> _PROBLEM DESCRIPTION_:
Go through the listing below and retype exactly the lines starting at the one with "Orange figurines lined" and ending at the one with "ヒーロー風カッコイイあだ名 | 『仮面イシダー』『慈愛の使者イシハヤ』 |", skipping pictures.

> _DATA LISTING_:
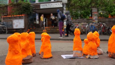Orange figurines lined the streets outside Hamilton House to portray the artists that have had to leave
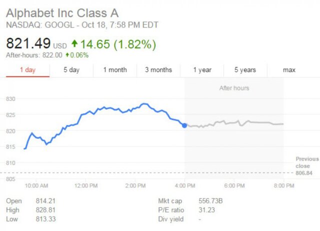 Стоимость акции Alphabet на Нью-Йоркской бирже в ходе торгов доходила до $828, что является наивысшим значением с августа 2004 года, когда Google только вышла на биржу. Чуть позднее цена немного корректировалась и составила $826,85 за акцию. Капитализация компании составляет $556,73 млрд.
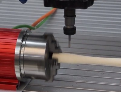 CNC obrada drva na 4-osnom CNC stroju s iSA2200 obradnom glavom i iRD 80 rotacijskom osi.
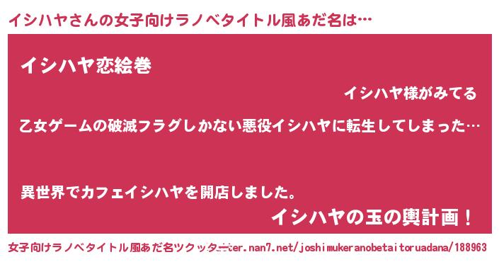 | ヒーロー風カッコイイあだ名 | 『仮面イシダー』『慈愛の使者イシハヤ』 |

* * *

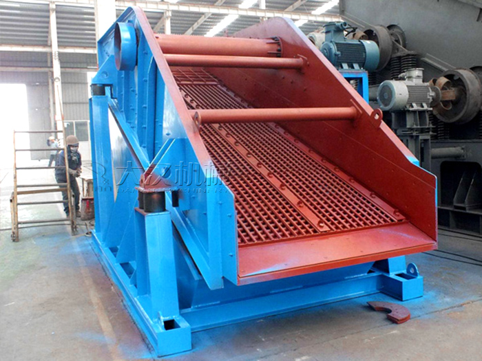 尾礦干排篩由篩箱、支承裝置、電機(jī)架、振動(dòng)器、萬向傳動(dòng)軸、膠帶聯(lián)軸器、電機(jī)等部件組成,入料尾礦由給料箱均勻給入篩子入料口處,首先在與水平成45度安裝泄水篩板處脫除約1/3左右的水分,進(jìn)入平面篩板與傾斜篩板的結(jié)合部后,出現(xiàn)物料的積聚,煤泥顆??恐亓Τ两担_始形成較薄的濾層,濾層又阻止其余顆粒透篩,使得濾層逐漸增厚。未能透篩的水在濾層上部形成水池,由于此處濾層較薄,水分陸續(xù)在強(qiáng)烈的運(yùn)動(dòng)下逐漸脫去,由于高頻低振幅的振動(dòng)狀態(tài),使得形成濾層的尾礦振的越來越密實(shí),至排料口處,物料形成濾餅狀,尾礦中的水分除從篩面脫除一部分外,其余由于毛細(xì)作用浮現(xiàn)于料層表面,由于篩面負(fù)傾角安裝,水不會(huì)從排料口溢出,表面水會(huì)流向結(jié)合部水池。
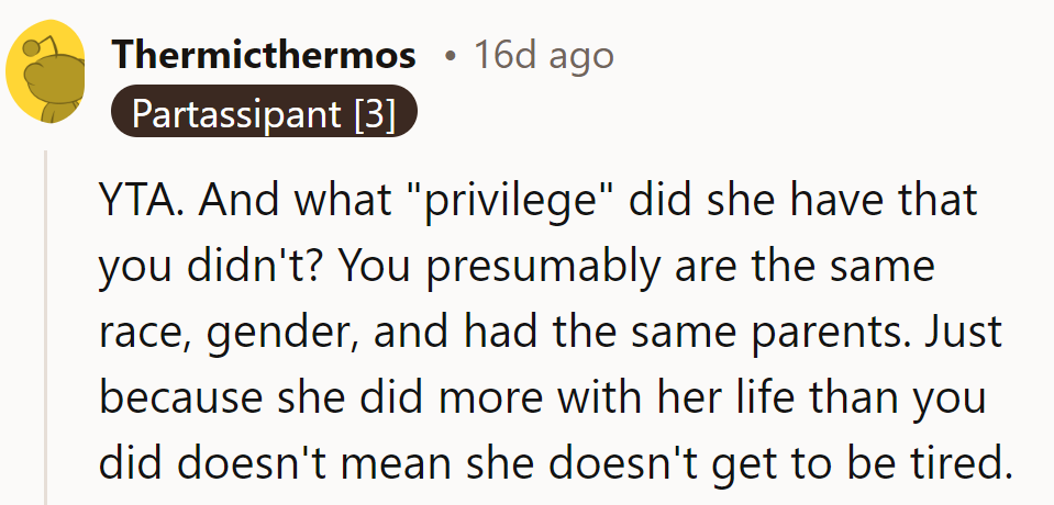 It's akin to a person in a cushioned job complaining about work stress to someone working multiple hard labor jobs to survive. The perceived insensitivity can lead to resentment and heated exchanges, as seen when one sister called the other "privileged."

> _ANSWER FOR THE TASK_:
Orange figurines lined the streets outside Hamilton House to portray the artists that have had to leave
 Стоимость акции Alphabet на Нью-Йоркской бирже в ходе торгов доходила до $828, что является наивысшим значением с августа 2004 года, когда Google только вышла на биржу. Чуть позднее цена немного корректировалась и составила $826,85 за акцию. Капитализация компании составляет $556,73 млрд.
 CNC obrada drva na 4-osnom CNC stroju s iSA2200 obradnom glavom i iRD 80 rotacijskom osi.
 | ヒーロー風カッコイイあだ名 | 『仮面イシダー』『慈愛の使者イシハヤ』 |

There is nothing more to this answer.